Did you do any running together?

Yeah, we probably ran a dozen times together over that eight months. One of the most special runs of my life was this 8-mile loop around Stanford that he liked to do, and I was fortunate enough to do it with him. And he had stories for every moment of that run.

Did his retirement catch you off guard as well?

I knew it was coming. He first mentioned it in 2013, and I thought there’s no way he’s going to retire. And then he had that great buildup in 2014 in Ethiopia, and I was like, wow, he’s set. He’s back, Ryan Hall is back. He was going to win Boston, the year after the bombing. But yeah, he was going downhill for a while. I don’t remember when I first learned he was going to go through with it, but it didn’t come as a surprise.

You’ve made the definitive document on Ryan Hall, chronicling the rise, plateau and descent of one of the greatest American distance runners of all time.
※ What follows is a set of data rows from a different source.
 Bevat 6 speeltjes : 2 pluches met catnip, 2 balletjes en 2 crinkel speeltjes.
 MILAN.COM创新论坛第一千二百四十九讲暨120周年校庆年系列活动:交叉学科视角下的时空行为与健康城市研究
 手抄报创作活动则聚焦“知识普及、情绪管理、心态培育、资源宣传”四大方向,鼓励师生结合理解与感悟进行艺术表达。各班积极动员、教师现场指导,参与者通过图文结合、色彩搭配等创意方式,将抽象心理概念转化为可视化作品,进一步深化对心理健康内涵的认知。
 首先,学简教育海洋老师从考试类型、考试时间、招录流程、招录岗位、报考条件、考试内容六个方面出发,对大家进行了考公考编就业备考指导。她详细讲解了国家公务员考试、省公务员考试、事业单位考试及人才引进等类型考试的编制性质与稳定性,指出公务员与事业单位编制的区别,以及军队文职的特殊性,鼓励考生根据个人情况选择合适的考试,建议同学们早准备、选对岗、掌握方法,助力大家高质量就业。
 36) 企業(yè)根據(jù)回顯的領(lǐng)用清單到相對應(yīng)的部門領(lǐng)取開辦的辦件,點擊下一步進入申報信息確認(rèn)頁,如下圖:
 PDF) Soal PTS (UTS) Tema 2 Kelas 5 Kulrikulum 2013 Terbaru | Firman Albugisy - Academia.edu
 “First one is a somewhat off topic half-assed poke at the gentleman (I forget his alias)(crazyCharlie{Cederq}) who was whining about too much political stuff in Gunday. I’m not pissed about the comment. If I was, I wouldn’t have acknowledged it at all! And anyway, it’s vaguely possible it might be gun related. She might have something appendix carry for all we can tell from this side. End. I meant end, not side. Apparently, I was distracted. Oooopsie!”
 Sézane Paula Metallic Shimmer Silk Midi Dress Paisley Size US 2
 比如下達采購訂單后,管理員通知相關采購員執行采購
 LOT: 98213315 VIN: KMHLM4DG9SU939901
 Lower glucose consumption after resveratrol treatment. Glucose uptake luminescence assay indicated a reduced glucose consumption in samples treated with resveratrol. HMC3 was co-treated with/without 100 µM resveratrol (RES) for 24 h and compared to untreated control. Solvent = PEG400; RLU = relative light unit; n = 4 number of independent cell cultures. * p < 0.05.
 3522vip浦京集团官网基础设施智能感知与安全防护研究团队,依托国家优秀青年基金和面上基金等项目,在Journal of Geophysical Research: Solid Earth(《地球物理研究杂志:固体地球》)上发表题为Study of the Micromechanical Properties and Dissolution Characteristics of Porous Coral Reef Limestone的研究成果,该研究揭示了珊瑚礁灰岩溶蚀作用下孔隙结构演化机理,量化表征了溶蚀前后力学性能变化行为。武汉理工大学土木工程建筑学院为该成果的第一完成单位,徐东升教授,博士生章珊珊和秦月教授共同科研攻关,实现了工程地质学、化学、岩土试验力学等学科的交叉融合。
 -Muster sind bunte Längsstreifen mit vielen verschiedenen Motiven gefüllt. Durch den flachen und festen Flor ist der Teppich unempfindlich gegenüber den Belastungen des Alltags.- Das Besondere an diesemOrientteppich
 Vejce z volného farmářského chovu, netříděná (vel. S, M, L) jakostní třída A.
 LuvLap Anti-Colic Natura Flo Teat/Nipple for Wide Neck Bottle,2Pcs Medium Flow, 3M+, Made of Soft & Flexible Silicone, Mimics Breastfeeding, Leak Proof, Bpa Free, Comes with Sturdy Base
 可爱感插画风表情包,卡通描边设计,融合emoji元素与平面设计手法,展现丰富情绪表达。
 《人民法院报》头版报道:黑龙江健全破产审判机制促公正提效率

So this thing that you’re putting out there to help to define this running phenom, is it a bigger, better, more important film than you expected to make?

Yes, certainly. I thought it was going to be an eight-month journey and that would be it. And if that was the case, I don’t know what it would look like. But it definitely wouldn’t be as good. It’s not what I thought it was going to be, but it’s definitely much better. Once we saw that he was going through these hard times, I thought, what’s going to be the endpoint? How will we know when it’s time to stop? If it had fit the original scope, it would’ve been very much a running movie, versus now, it’s a super-relatable story.

The 41st Day will screen in Flagstaff, AZ, on October 6th (followed by a Q&A with Jeffreys and Ryan Hall), in Chicago on October 11th, and in Detroit on October 17th. Future screenings are to be determined.